За спиной – остывающая изба. Щи. Лежанка. На лежанке – тряпье: валяное одеяльце, что от матушки осталось, летний зипун, – ноги укрывать; подушка перьевая, замусоленная. У окна должен быть стол, у стола тубаретка, на столе расщепа с сальной свечкой, да в чулане свечей запас, да ржави с полпуда, да в загашнике, от воров припрятаны, валенки запасные, да вязаные носки, да лапти на весну, да каменный ножик, да сушеных грибышей связка, да котелок с ручкой. Утром были, во всяком случае. Живи не хочу. Все есть. А все чего-то неможется. Все чего-то свербит, свербит.

…Али богатства алчу? …Али свободы? …Али помереть боюся? …Али куда уйти хочу? …Али вознесся дерзостью до высот своеволия, мыслю себя мурзой, а не то каким властелином неудобосказуемым, агромадным, волшебным, всевластным, главным-преглавным, голубчиков потаптывающим, во тереме обретающимся, руками пошевеливающим, главой помавающим?.. А как Федор Кузьмич-то, слава ему, в сени взошел и все повалилися… А как Никита-то Иваныч огнем хыхнул…

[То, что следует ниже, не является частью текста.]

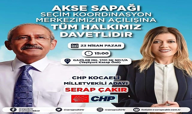 SERAP ÇAKIR’IN EVİSamsun nüfusun kayıtlı olan, Gebze’de doğup, büyüyen CHP’nin Milletvekili adayı olan Serap Çakır, çocukluğunun, gençliğinin geçtiği, tüm ailesinin ve arkadaşlarının yaşadığı semt olan Akse Sapağı’nda açılacak SKM nedeni ile oldukça heyecanlı. 2019 yerel seçimlerinde Gebze’den bağımsız belediye başkan adayı olduğu dönemde de karargahını bu bölgeye kuran Çakır, bu kez Millet İttifakı’nın adayı olarak kendi semtinde SKM açacak ve seçim çalışması yapacak. Gaziler Mahallesi 1701 Sokak’ta bulunan Yeşilyurt Kasap önünde, devam eden metro çalışmasının tam karşısında ki SKM açılışına katılımın yoğun olması bekleniyor.ÇOCUKLAR DA UNUTULMADIRamazan Bayramı ile 23 Nisan Ulusal Egemenlik ve Çocuk Bayramı’nın bir arada kutlanacağı Pazar günü SKM açılışına hazırlanan CHP’de, Milletvekili adayı Serap Çakır, tüm Gebzelileri açılışa davet ederek, “başı rahmet, ortası mağfiret, sonu cehennemden azabından kurtuluş olan Ramazan ayını hep birlikte idrak ettik, bizleri bayrama kavuşturan Allah’ımıza hamd olsun. Hep birlikte nice bayramlar kutlamayı Rabbim bizlere nasip etsin. Bu Ramazan Bayramı ve Çocuk Bayramı’nı birlikte kutluyoruz, İnşallah 14 Mayıs’ta da demokrasi bayramımızı birlikte kutlayacağız. Ulu Önder Mustafa Kemal Atatürk’ün Gazi Meclisimizin açılışı olan büyük günü çocuklara armağan ettiği 23 Nisan’ı da yine aynı gün kutluyoruz. Baharları getirmek için söz verdiğimiz, daha güzel bir gelecek yaşatmak için yola çıktığımız çocuklarımızı da misafir edeceğimiz SKM açılışımız da tüm hemşerilerimiz, Gebzeli dostlarımızı ve tüm dava arkadaşlarımızı yanımızda görmek istiyoruz” dedi.

А ничего старик не боится, никто ему не надобен, – ни мурза, ни соседи. Потому такая сила ему дана, такое Последствие завидное: огонь у него внутрях вырабатывается. Да он захочет, – всю слободу спалит, да чего: весь городок, все леса вокруг, весь блин земной! Потому, знать, и начальство его стороной обходит, не придирается, как к нам, простым голубчикам; его же сила, и слава, и власть земная!.. Ох-ти, охтеньки, а нам, малым да сирым, в ночи на крыльце стоять, вдыхать морозную тьму, выдыхать тьму чуть теплую, переступать с ноги на ногу, задирать личико к далекому небесному Веретену, слушать, как слезы мороженым горошком шуршат, скатываются в заросли бороды, слушать, как молчат черные избы на черных пригорках, как поскрипывают высокие деревья, как ноет метельный ветер, как доносит порывами, – чуть слышно, но явственно, – далекий, жалобный, северный голодный вой.

И краткое

Не обманул Федор Кузьмич-то, слава ему, – в аккурат через неделю после пресветлого своего посещения изволил издать Указ, и по всем Рабочим Избам тот Указ раздали для переписывания и размножения, досталось переписывать и Бенедикту.

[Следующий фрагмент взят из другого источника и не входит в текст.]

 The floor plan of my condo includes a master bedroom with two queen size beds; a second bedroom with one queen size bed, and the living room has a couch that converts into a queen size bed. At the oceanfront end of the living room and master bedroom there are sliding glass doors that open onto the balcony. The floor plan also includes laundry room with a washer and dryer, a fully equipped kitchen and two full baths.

Шакал Демьяныч всех собрал и объявил, – как будто сами не знаем, – что государственное постановление доложно быть в кратчайшие сроки доступно всем голубчикам, а посему чтоб быстро и с красивыми завитушками тот Указ перебелили и на каждом углу, где есть щит, чтоб приколотили копию.

Указ

Вот как я есть Федор Кузьмич Каблуков, слава мне, Набольший Мурза, долгих лет мне жизни, Секлетарь и Академик и Герой и Мореплаватель и Плотник, и как я есть в непрестанной об людях заботе, приказываю.

Праздновать Праздник Новый Год.

Энтот праздник чтоб праздновался Первого Марта навроде Майских Выходных.

Тоже выходной.

Значит никому на работу не ходить, пей-гуляй, что хочешь делай, но в меру, а не так как бывает другой раз что буяните и все пожгете а потом разгребай.

Энтот Праздник Новый Год праздновать так: обрубить в лесу дерево так небольшое разлапистое, чтоб в избу влезло а кто хочет ставь во дворе. Вторнуть его дерево это в пол или куды придется, чтоб держалося, а на ветки понавесить всякой всячины что у кого есть. Можно нитки цветные крученые али так, можно орехи, огнецы или чего не жалко чего дома завалялося всякая дрянь по углам всегда бывает другой раз и сгодится. Покрепше там примотайте чтоб не падало сами знаете.

Свечки тоже зажгите чтоб светло и весело.

Всякой вкуснятины наварите-напеките не жалейте все равно скоро весна в лесу всего полно понавырастет.

Гостей зовите соседей, родню, всех угощайте, ничего не жалейте, не объедят, сами же тоже есть будете.

На дудках играйте кто сподручный, на колотушках, можно вприсядку у кого ноги в порядке.

На себя одежу хорошую наденьте, расфуфырьтесь, в волоса тоже повтыкайте чего ни попадя.

Может кому помыться охота дак я велю Бани открыть в дневное время пожалуйста заходи мойся но только дрова с собой приносите а то на вас не напасесси.

Интересно будет вот увидите.

Каблуков

Бенедикт перебелил Указ четырежды, отдал Оленьке бересту, чтобы буквицы покрасивее изукрасила, – плетеными ленточками, птичками и цветочками, потому как дело сурьезное, или как выразил Шакал, судьбоносное, – и сам просветлел и порадовался. И остальные голубчики, что в избе работали, тоже просветлели и словно бы выпрямились. А как же не порадоваться: весна на носу! Весна! Кто ж ее не любит! Самый захудалый, паршивый голубчик по весне охорашивается, добреет, на что-нибудь там свое надеется.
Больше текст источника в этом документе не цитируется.